**Recorded data:**
■ ■ ■
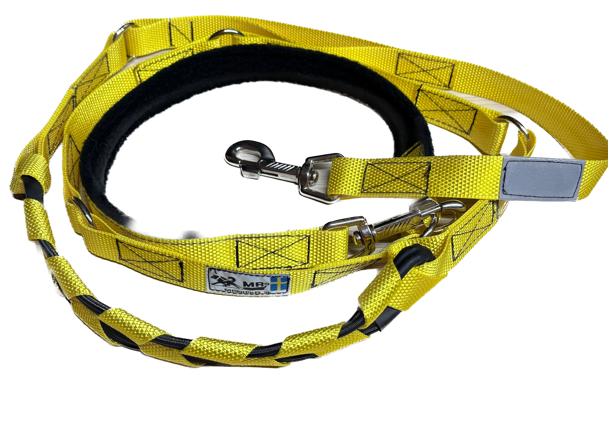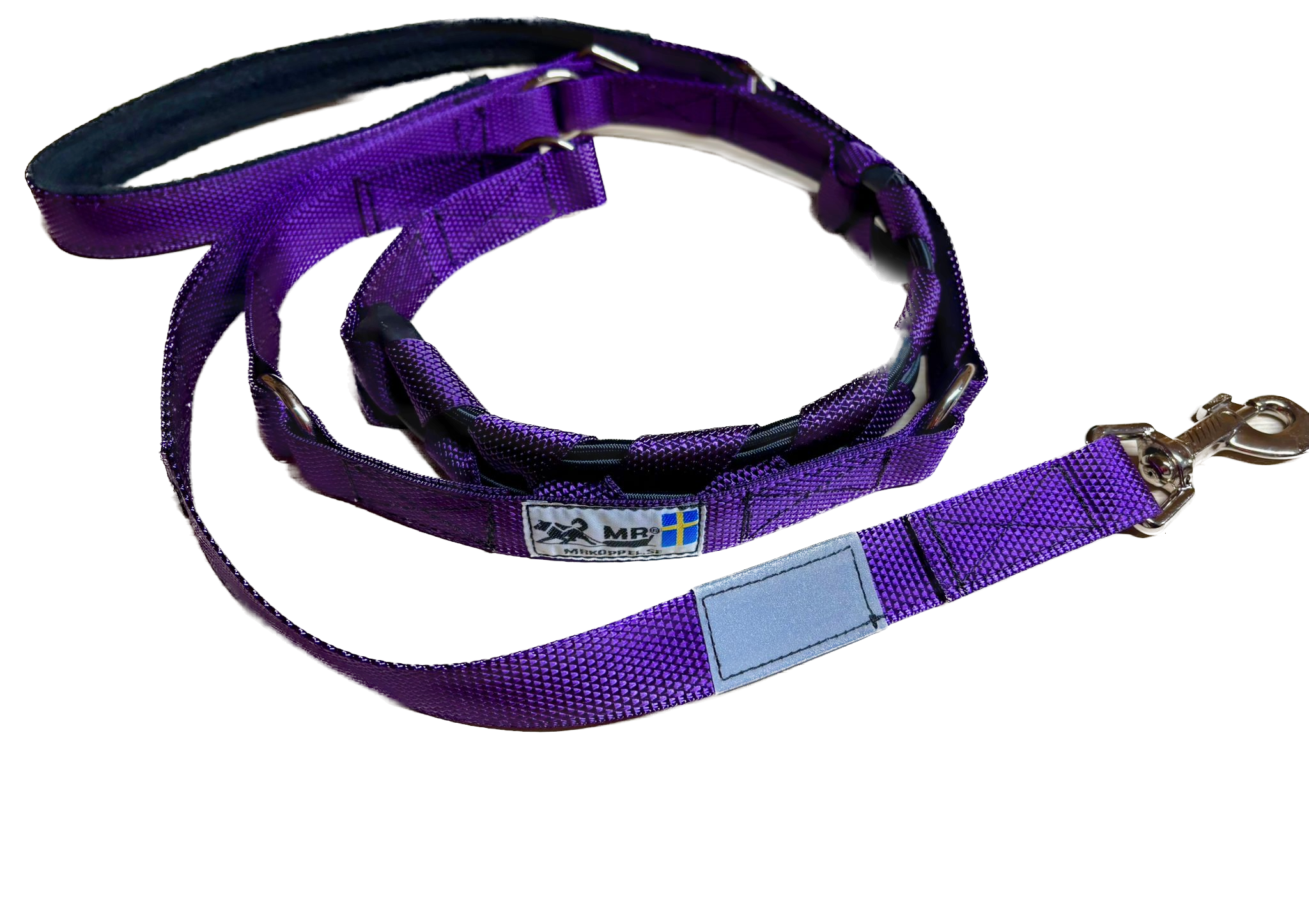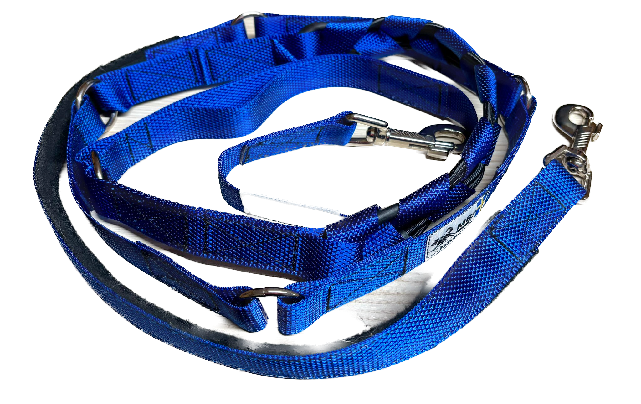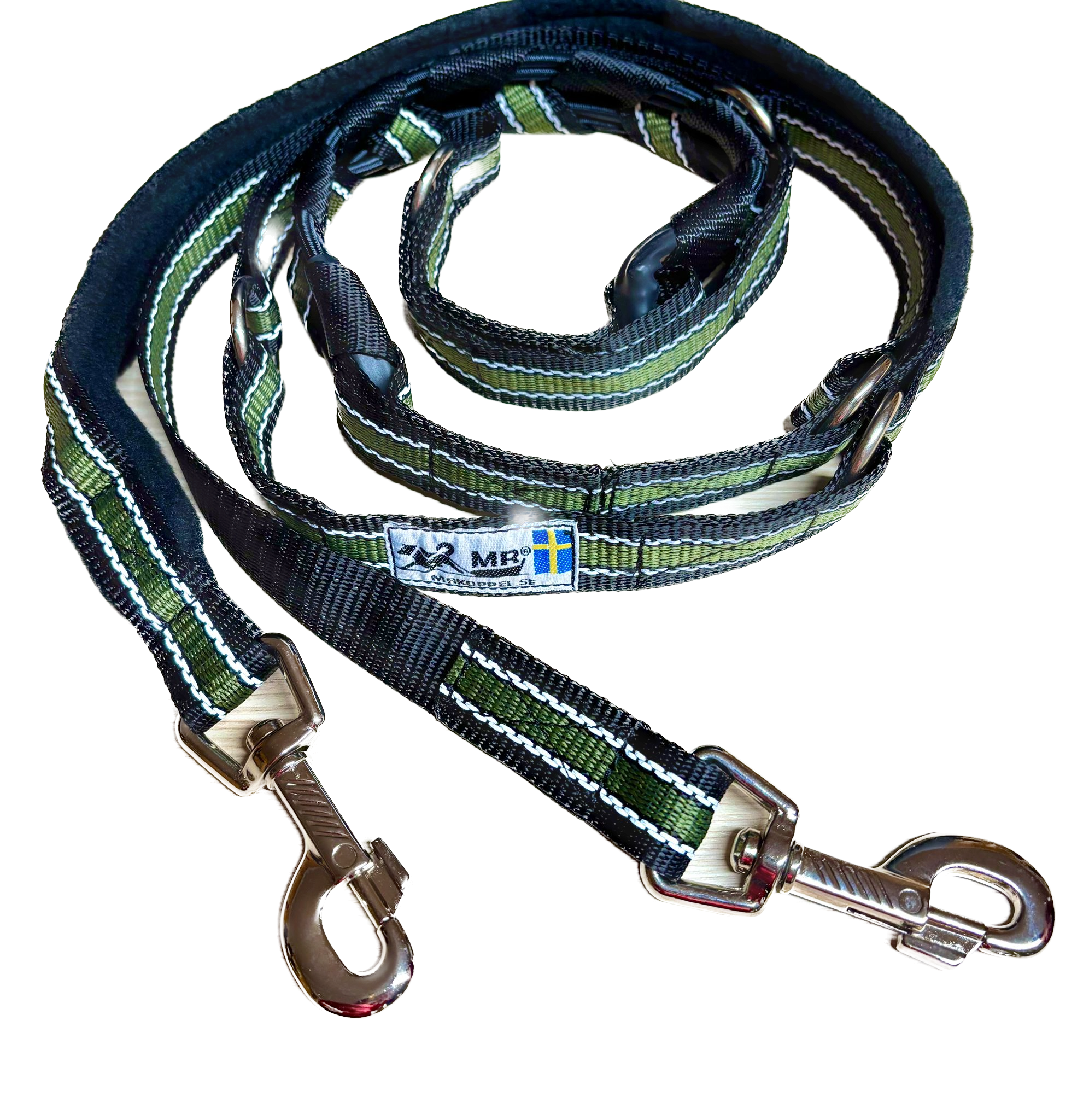 Die MR Koppel Leine ist eine multifunktionale Hundeleine mit einem eingebauten starken Ruckdämpfer. Der Dämpfer ist geeignet für starke oder ziehende Hunde. Die Hundeleine aus Polyesterband ist von einer schwedischen Frau mit nordischen Hunden entwickelt worden und wird heute noch dort von Hand gemacht.
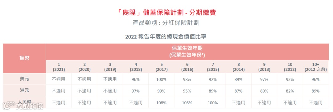 那么我们能说这款产品分红实现率超100%吗?当然也不行,我们要看总现金价值比率。
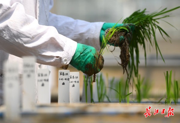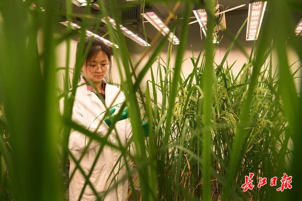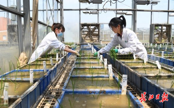 在湿热的人工气候室里,研究员潘丽观察完耐热实验中的水稻结实状况后,又奔赴科研大楼外的智能温室与科研小组同事忙着对水稻实验材料进行移栽。
■ ■ ■
**Your assignment:** Restate the material above word for word, so that nothing changes except that the pictures are gone.

**Finished task:**
 Die MR Koppel Leine ist eine multifunktionale Hundeleine mit einem eingebauten starken Ruckdämpfer. Der Dämpfer ist geeignet für starke oder ziehende Hunde. Die Hundeleine aus Polyesterband ist von einer schwedischen Frau mit nordischen Hunden entwickelt worden und wird heute noch dort von Hand gemacht.
 那么我们能说这款产品分红实现率超100%吗?当然也不行,我们要看总现金价值比率。
 在湿热的人工气候室里,研究员潘丽观察完耐热实验中的水稻结实状况后,又奔赴科研大楼外的智能温室与科研小组同事忙着对水稻实验材料进行移栽。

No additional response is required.